Control Systems and Visualization
A properly designed and programmed control system is a prerequisite for the correct operation of any automated technological process.
The heart of the state-of-art control system is a programmable logic controller (PLC) along with digital and analog inputs and outputs cards. Digital and analog inputs are used to transmit information to the controller about the current state of the control devices of the process components, the measured values of the operating parameters and possible occurences of emergency conditions. Digital and analog outputs allow certain reactions to be triggered in process equipment connected to the control system, in accordance with a pre-programmed action algorithm or a command issued by the operator.
To ensure interactive communication between the system user and the PLC controller, a so-called Human Machine Interface is required.
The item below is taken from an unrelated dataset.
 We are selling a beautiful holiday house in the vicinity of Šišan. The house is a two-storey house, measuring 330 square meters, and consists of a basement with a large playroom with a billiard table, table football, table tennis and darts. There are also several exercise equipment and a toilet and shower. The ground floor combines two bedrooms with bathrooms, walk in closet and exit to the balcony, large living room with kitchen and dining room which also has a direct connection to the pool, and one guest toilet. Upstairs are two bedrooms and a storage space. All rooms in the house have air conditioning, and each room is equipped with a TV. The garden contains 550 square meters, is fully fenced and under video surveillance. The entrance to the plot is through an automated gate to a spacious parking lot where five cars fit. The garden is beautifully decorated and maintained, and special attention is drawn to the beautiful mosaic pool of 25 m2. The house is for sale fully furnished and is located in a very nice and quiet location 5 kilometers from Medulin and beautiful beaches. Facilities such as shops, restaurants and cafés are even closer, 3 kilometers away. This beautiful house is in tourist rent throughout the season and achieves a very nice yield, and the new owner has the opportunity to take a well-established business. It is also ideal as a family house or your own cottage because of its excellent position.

HMI which, depending on the complexity of the system, can be a set of buttons installed on the door of the control panel, a text display with function keys, a monochrome or color touch operator panel, or a panel or desktop industrial PC.
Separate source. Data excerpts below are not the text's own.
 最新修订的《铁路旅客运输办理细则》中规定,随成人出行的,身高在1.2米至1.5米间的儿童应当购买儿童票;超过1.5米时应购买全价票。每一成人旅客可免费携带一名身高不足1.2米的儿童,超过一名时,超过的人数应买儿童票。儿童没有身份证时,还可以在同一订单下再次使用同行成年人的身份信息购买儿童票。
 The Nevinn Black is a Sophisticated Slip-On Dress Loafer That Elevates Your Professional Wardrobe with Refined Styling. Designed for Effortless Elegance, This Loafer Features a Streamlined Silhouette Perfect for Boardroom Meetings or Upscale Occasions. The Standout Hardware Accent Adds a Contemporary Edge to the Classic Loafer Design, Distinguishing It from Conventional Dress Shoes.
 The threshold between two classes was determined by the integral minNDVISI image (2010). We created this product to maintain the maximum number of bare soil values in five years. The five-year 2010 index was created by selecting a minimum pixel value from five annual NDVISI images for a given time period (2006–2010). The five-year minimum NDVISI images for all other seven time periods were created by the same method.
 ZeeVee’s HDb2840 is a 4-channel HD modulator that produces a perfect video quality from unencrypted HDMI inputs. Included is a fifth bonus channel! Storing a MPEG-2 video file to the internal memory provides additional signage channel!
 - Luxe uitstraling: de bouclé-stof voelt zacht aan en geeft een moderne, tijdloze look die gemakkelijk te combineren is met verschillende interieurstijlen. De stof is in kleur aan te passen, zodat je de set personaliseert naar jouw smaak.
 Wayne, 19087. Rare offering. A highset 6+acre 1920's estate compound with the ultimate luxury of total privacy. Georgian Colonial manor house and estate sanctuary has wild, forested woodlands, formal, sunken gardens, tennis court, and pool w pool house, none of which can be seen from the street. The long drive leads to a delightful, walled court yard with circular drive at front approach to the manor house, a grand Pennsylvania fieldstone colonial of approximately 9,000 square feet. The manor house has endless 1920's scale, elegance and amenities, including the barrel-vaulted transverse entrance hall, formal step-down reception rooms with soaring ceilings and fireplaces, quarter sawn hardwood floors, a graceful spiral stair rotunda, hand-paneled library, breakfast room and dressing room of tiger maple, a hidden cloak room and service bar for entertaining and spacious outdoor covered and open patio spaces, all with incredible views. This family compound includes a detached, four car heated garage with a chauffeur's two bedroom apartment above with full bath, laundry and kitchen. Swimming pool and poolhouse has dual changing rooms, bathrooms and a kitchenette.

In case of pharmaceutical applications, HMI color touch panels in less advanced applications or industrial PCs with SCADA application installed (SCADA = Supervisory Control and Data Acquisition) in more complex applications are used as communication interfaces. Sometimes there happen combinations of both options when the operator panel is located directly on the devices and is remotely connected to the SCADA system installed on the computer located, for example, in the central server room. The SCADA system can be configures as a stand-alone or a client-server version.
Control systems used in the pharmaceutical industry should be designed, built, and tested in accordance with applicable GAMP guidelines, GMP Appendix 11 and CFR21PART11 requirements.
The GAMP Guidelines contain standards that define how to design, configure, and document computerized control systems used in the pharmaceutical industry. The main subject of CFR21PART11 requirements is to ensure the security, integrity and non-editability of data, including ensuring appropriate access levels for various user groups, as well as registering events in the form of “Audit Trail” records.